Et chaque individu croit qu'il sera heureux demain, s'il est plus riche, plus considéré, plus aimé, s'il change de partenaire sexuel, de voiture, de cravate ou de soutien-gorge. Chacun, chacune attend de l'avenir des conditions meilleures, qui lui permettront, enfin, d'atteindre le bonheur. Cette conviction, cette attente, ou le combat que l'homme mène pour un bonheur futur, l'empêchent d'être heureux aujourd'hui. Le bonheur de demain n'existe pas. Le bonheur, c'est tout de suite ou jamais. Ce n'est pas organiser, enrichir, dorer, capitonner la vie, mais savoir la goûter à tout instant. C'est la joie de vivre, quelles que soient l'organisation et les circonstances. C'est la joie de boire l'univers par tous ses sens, de goûter, sentir, entendre, le soleil et la pluie, le vent et le sang, l'air dans les poumons, le sein dans la main, l'outil dans le poing, dans l'oeil le ciel et la marguerite.
Si tu ne sais pas que tu es vivant, tout cela tourne autour de toi sans que tu y goûtes, la vie te traverse sans que tu ne retiennes rien des joies ininterrompues qu'elle t'offre.»
~ René Barjavel (in Si j'étais Dieu...)
«La différence entre le théisme et le non-théisme n’est pas liée au fait de croire ou de ne pas croire en Dieu. (...) Le théisme, c’est une conviction fortement ancrée qu’il existe une main à tenir : si on sait faire juste ce qu’il faut, quelqu’un va y être sensible et nous prendre sous son aile. Cela veut dire qu’on s’imagine qu’on aura toujours une baby-sitter à portée de la main, en cas de besoin. Nous avons tous tendance à nous démettre de nos responsabilités et à déléguer notre pouvoir à quelque chose d’extérieur.
Le non-théisme, au contraire, consiste à se détendre dans l’ambigüité et l’incertitude du moment présent, sans rien chercher pour se protéger. (...) C’est apprécier pleinement l’impermanence et le changement. (...) Le dharma n’a jamais été destiné à devenir une croyance à laquelle on adhère aveuglément. Le dharma ne procure absolument rien à quoi on peut s’accrocher.
Le non-théisme, c’est se rendre compte enfin qu’il n’y a pas de baby-sitter sur laquelle on peut compter. Juste au moment où on en a une bonne, on la perd. Le non-théisme, c’est prendre conscience qu’il n’y a pas que les baby-sitters qui vont et viennent. Toute la vie est comme ça. C’est ça la vérité, et la vérité dérange.»

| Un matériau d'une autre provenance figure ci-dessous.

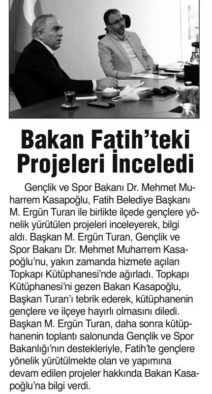 Bakan Fatih'teki Projeleri İnceledi 19.7.2020 - Tünaydın Gazetesi
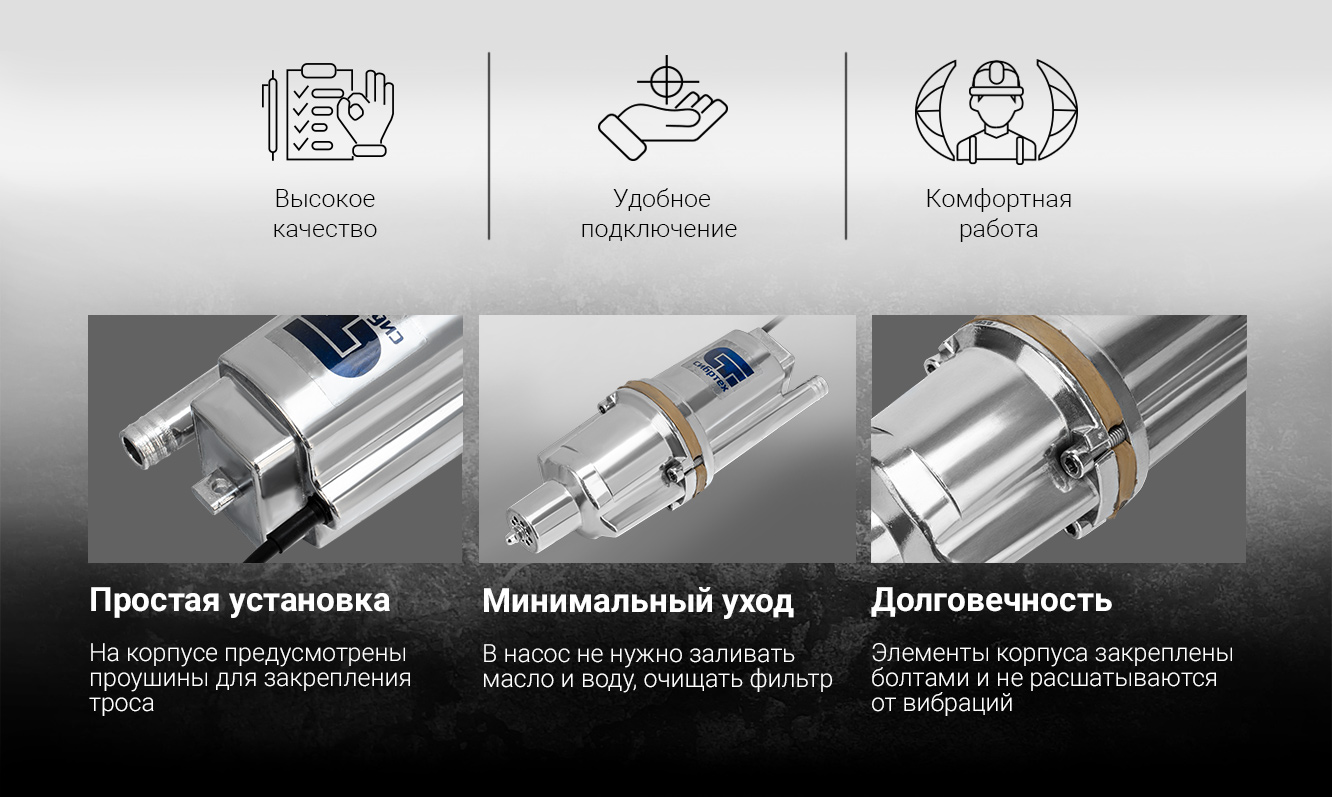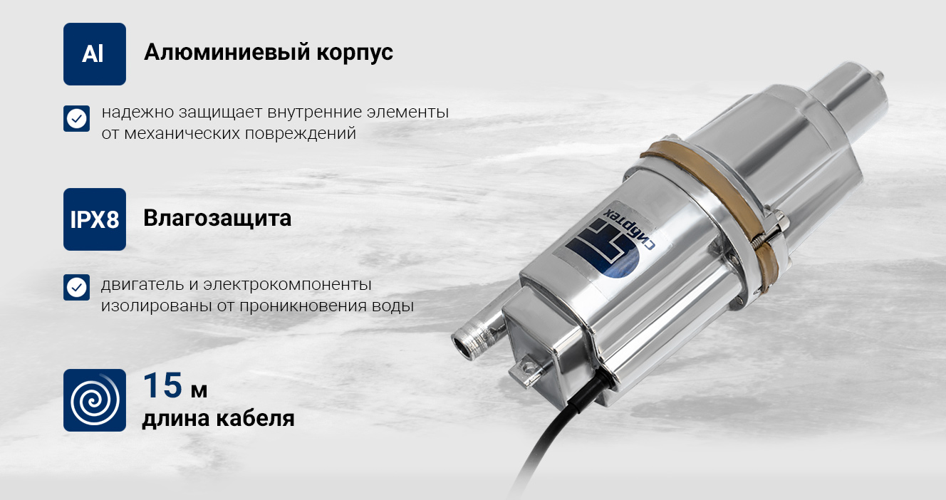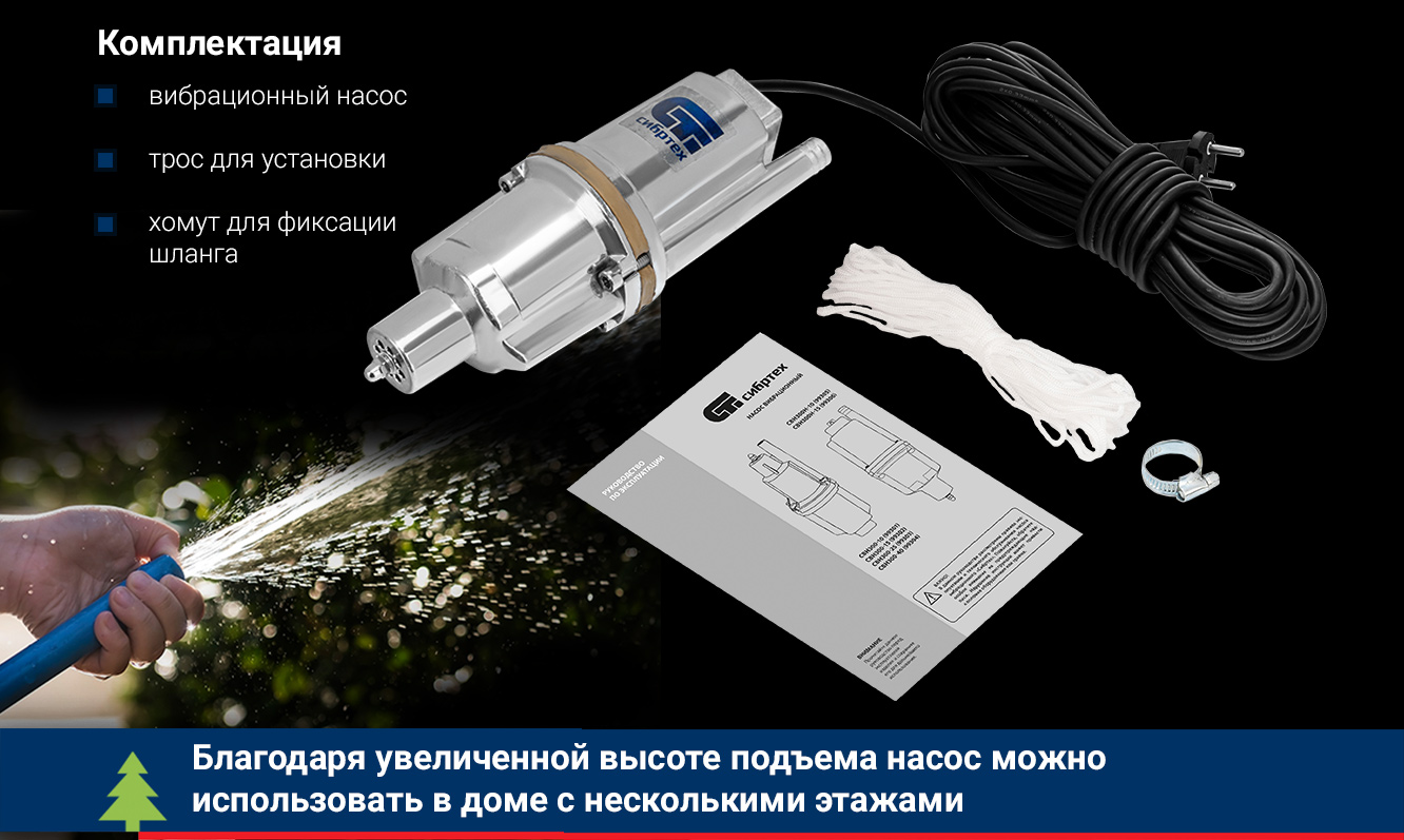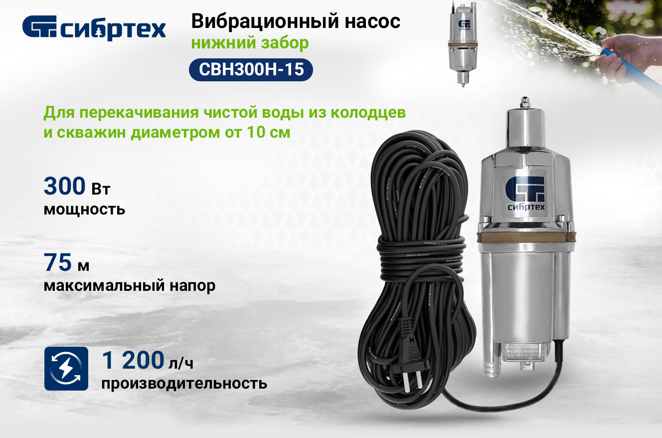 Вибрационный насос СИБРТЕХ СВН300Н-15 кабель 15 м 99306 используется для подачи воды из колодца и скважин, а также подходит для перекачивания чистой и пресной воды.

~ Pema Chödrön (La vérité dérange; in Bien-être et incertitude)
Le nom de Dieu a trop servi.
Nul ne sait plus ce que signifie le nom de Dieu.
L'adorer ou le haïr est pareillement infantile.
Le Dieu-papa que nous proposent les religions leucémiques est une tentative aussi dérisoire et aussi cocasse d'apaiser notre soif que l'octroi d'une goutte de sirop à un déshydraté.